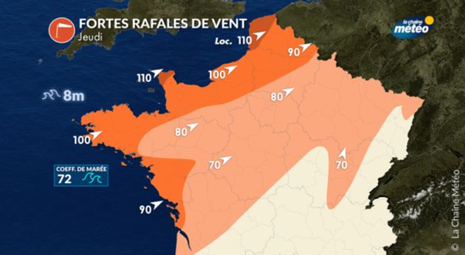 En journée de jeudi, c'est une large moitié nord-ouest du pays qui sera concerné par un temps agité avec des rafales de vent généralement comprises entre 70 et 80 km/h dans les terres, localement 90 à 100 km/h sur un axe allant de la Bretagne aux Hauts-de-France.
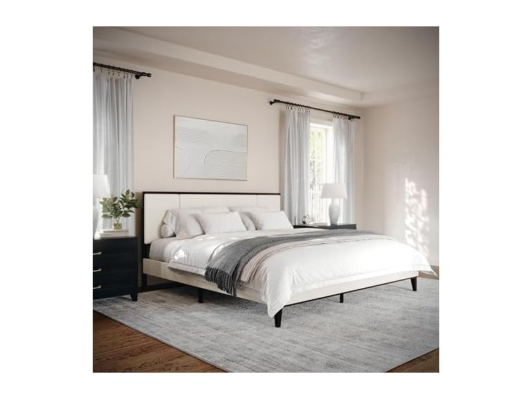 - (1) Martha Stewart Jett Platform Bed with Headboard, Fabric Upholstered Inset Headboard and Base, Solid Wood Frame, No Box Spring Needed, King, Dark Brown/Beige
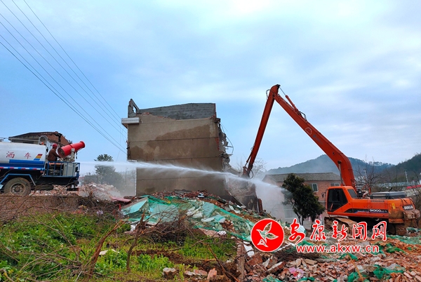 在木竹橋村五組房屋拆除現(xiàn)場,工作人員清場后,周圍拉起警戒線,挖機揮舞著長臂,灑水車噴灑除塵,工作人員分工配合,拆除現(xiàn)場井然有序,如火如荼。征收辦干部放棄休息時間,反復多次上門與拆遷戶商談,宣傳政策,簽訂協(xié)議,測量、核實面積,全力把受疫情影響的時間搶回來。
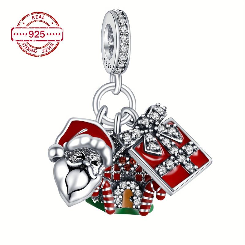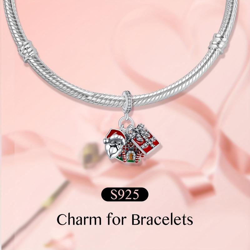 Add some holiday cheer with this sterling silver Christmas Santa's gift charm pendant. Compatible with European moment bracelets and necklaces, perfect for DIY jewellery making.
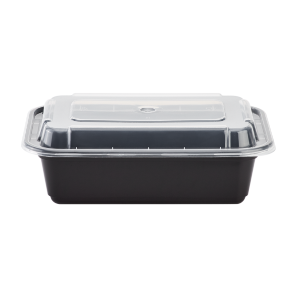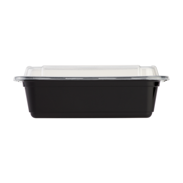 [150 sets] 24 oz PP Plastic Microwavable Rectangular Food Containers & Lids, Black
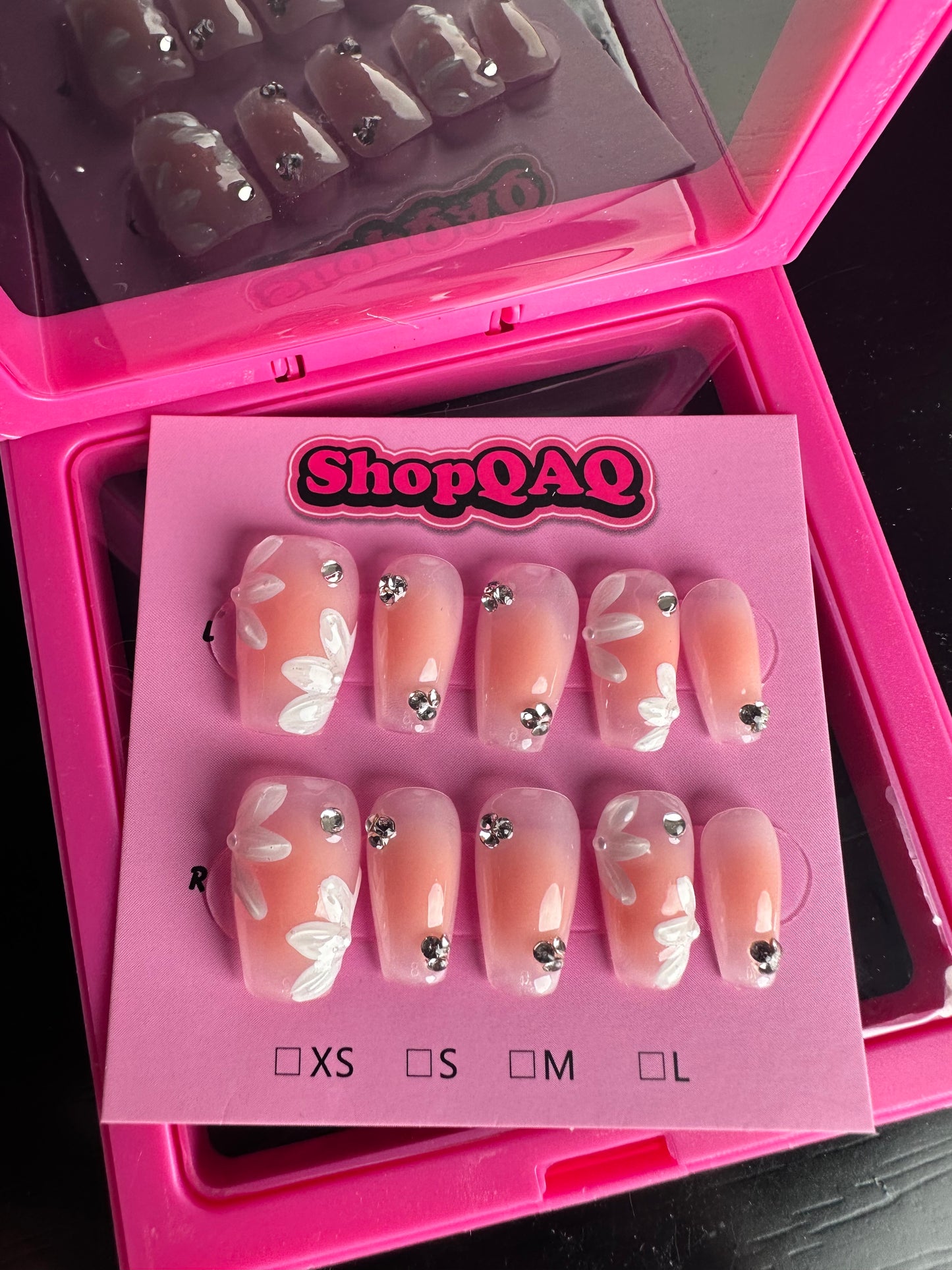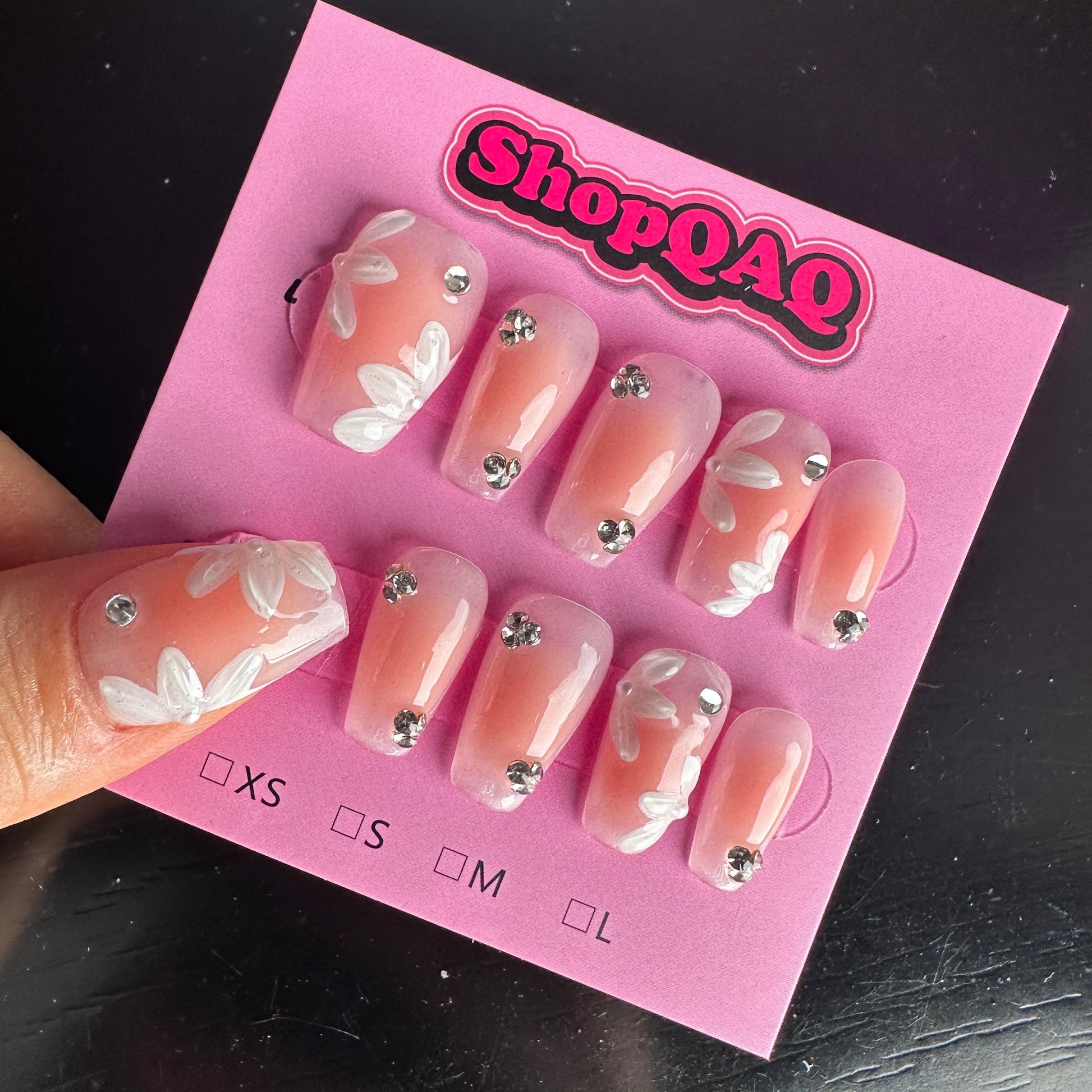 Experience the delicate beauty of our Handcrafted Gel Press-On Nails featuring a unique Water Mist Ice Flower design. These nails are meticulously handmade and photographed to showcase their true elegance. Perfect for adding a frosty, ethereal touch to your look, these nails are not only visually stunning but also reusable, offering both style and practicality.
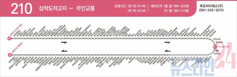 210번 : 목포역~버스터미널 구간을 백년대로로 우회하여, 평화광장, 목포대 학내 등을 경유, 무안읍, 목포대와 평화광장 연결성 강화
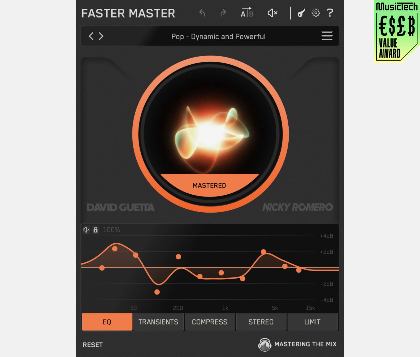 - Choose from 10 smart presets, fine-tune EQ, transients, compression, stereo width, and limiting with intuitive controls.

*Task item:* Print every entry above again, exactly as written. Leave the images out.

*Response to this task:*
 En journée de jeudi, c'est une large moitié nord-ouest du pays qui sera concerné par un temps agité avec des rafales de vent généralement comprises entre 70 et 80 km/h dans les terres, localement 90 à 100 km/h sur un axe allant de la Bretagne aux Hauts-de-France.
 - (1) Martha Stewart Jett Platform Bed with Headboard, Fabric Upholstered Inset Headboard and Base, Solid Wood Frame, No Box Spring Needed, King, Dark Brown/Beige
 在木竹橋村五組房屋拆除現(xiàn)場,工作人員清場后,周圍拉起警戒線,挖機揮舞著長臂,灑水車噴灑除塵,工作人員分工配合,拆除現(xiàn)場井然有序,如火如荼。征收辦干部放棄休息時間,反復多次上門與拆遷戶商談,宣傳政策,簽訂協(xié)議,測量、核實面積,全力把受疫情影響的時間搶回來。
 Add some holiday cheer with this sterling silver Christmas Santa's gift charm pendant. Compatible with European moment bracelets and necklaces, perfect for DIY jewellery making.
 [150 sets] 24 oz PP Plastic Microwavable Rectangular Food Containers & Lids, Black
 Experience the delicate beauty of our Handcrafted Gel Press-On Nails featuring a unique Water Mist Ice Flower design. These nails are meticulously handmade and photographed to showcase their true elegance. Perfect for adding a frosty, ethereal touch to your look, these nails are not only visually stunning but also reusable, offering both style and practicality.
 210번 : 목포역~버스터미널 구간을 백년대로로 우회하여, 평화광장, 목포대 학내 등을 경유, 무안읍, 목포대와 평화광장 연결성 강화
 - Choose from 10 smart presets, fine-tune EQ, transients, compression, stereo width, and limiting with intuitive controls.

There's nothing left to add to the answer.